Permitting contract goes to council

At Marietta City Council’s regular meeting Thursday the new permitting contract between the city and Washington County was introduced, but no further action was taken pending more discussion about permitting fees scheduled for next week.

“If this passes it will be in effect immediately,” said Councilwoman Sarah Snow, chair of council’s Planning, Zoning and Annexation Committee. “But until we discuss and pass a fee schedule alongside it, we will not be able to take care of these permits within the city.”

Snow’s committee is scheduled to discuss the fee schedule for permitting at 6:45 p.m. Thursday in Room 10 of the Armory, 241 Front St.

Currently the city handles access, driveway, right-of-way, sewer and water tap, and land development permits. If the contract is approved by council, new duties would include the issuance of zoning, use, occupancy and demolition permits.

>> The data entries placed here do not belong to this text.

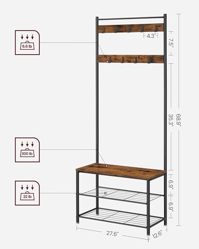 VASAGLE Coat Rack, Hall Tree with Shoe Storage Bench, Entryway Bench with Shoe Storage, 3-in-1, Steel Frame, for Entryway, 12.6 x 27.6 x 68.9 Inches, Industrial, Rustic Brown and Black UHSR41BX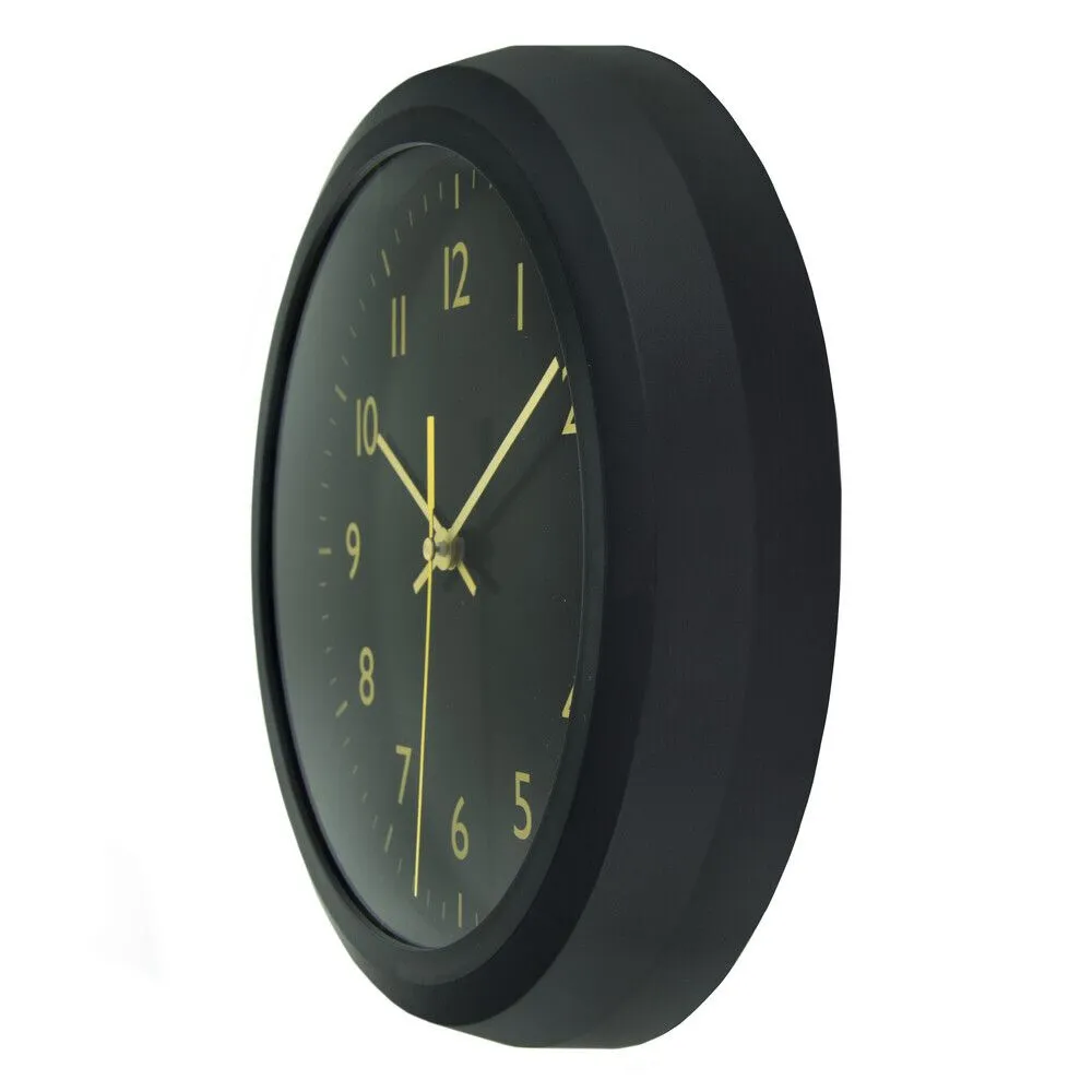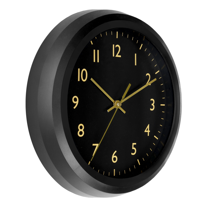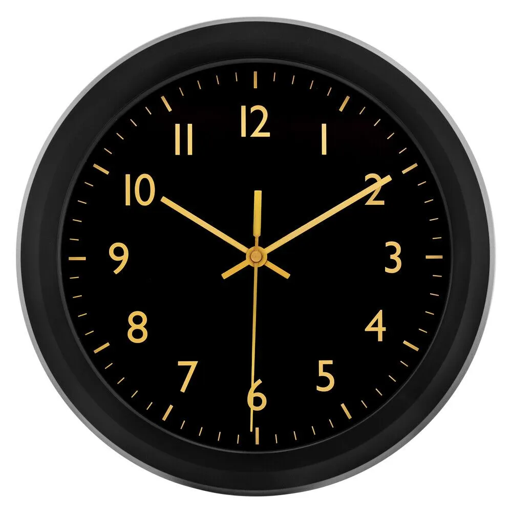 Эти круглые часы имеют черный корпус и черный циферблат с арабскими цифрами, что делает их элегантным дополнением любого помещения. Материал корпуса - пластик, что делает их легкими и прочными.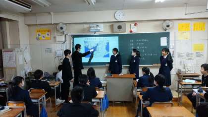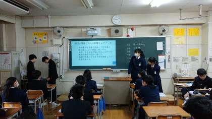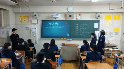 理科では、人間生活が環境に与える6項目の影響について、班で分担して調べ学習をし、パワーポイントを用いて各班からプレゼンテーションも行いました。

The county would continue to issue residential building permits, commercial building permits and flood development permits within its Southeast Ohio Building Department. For building permits, a resident or business will be referred first to the city to ascertain if zoning would conflict with the intended build.

Mayor Joe Matthews also notified council that headway has been made concerning the home at 829 Front St., parts of which collapsed three weeks ago.

“I’ve been working with a buyer to purchase that property,” said Matthews. “It’s expected to close next week and that buyer plans to do the demolition himself at no cost to the city.”

Matthews said the buyer did not wish to be named until the sale had closed.

This movement will be one of the first seen this year and will be followed by recommendations by council’s ad hoc blight committee which also met Thursday.

The committee, which is made up of Bryan Waller, Kathy Boersma, Bill Standish, Bill Gossett and Susan Boyer, outlined both a mission statement and goals at its meeting.

The mission: To identify current residential problems within the city of Marietta and make recommendations to the city on how to solve them.

Specific goals of the committee are to determine the process by which properties are currently identified as having maintenance issues that impact the health and safety of residents (and) make suggestions where the process might be improved; to determine the scope of (blight within the city) including demographic information, ownership statistics, mapping and other data correlation to help highlight the areas where action would have the most impact; and to determine the current remedial steps available to the city and make suggestions where necessary.

“My idea is that we pull this information together as quickly as we can so we can move forward,” said Boyer, the committee’s appointed chair. “The thing we need to remember is there’s a statutory process for condemnation and repossession, but we need to help identify homes before they get so far that that’s necessary action.”

The committee also appointed Standish as its secretary and outlined action items for committee members to look into prior to its next meeting at 5:30 p.m. on March 9 in room 10 of the Armory.

Prior to that meeting Boyer plans to look into remedial steps such as a possible county-city partnership land bank to repossess blighted houses. Gossett plans to speak with representatives from Buckeye Hills-Hocking Valley Regional Development District and from the Washington County auditor’s office to compile ownership statistics and demographic information within city limits. Boersma said that she would reach out to the city’s code enforcement officer, Wayne Rinehart to understand how he has and will follow up on complaints of blight.

“It would also be nice if (Rinehart) was the only person authorized to take photos and confront residents about issues with their homes,” said Gossett. “Rather than harassment by members of council.”

The committee also considered three items concerning housing and blight introduced to council by Rinehart last week concerning fees for blighted homes, uncut grass and a proposed new residential rental housing property registry. With suggested amendments, the committee approved of each potential legislation. The suggestions will be considered at a future Planning, Zoning and Annexation Committee.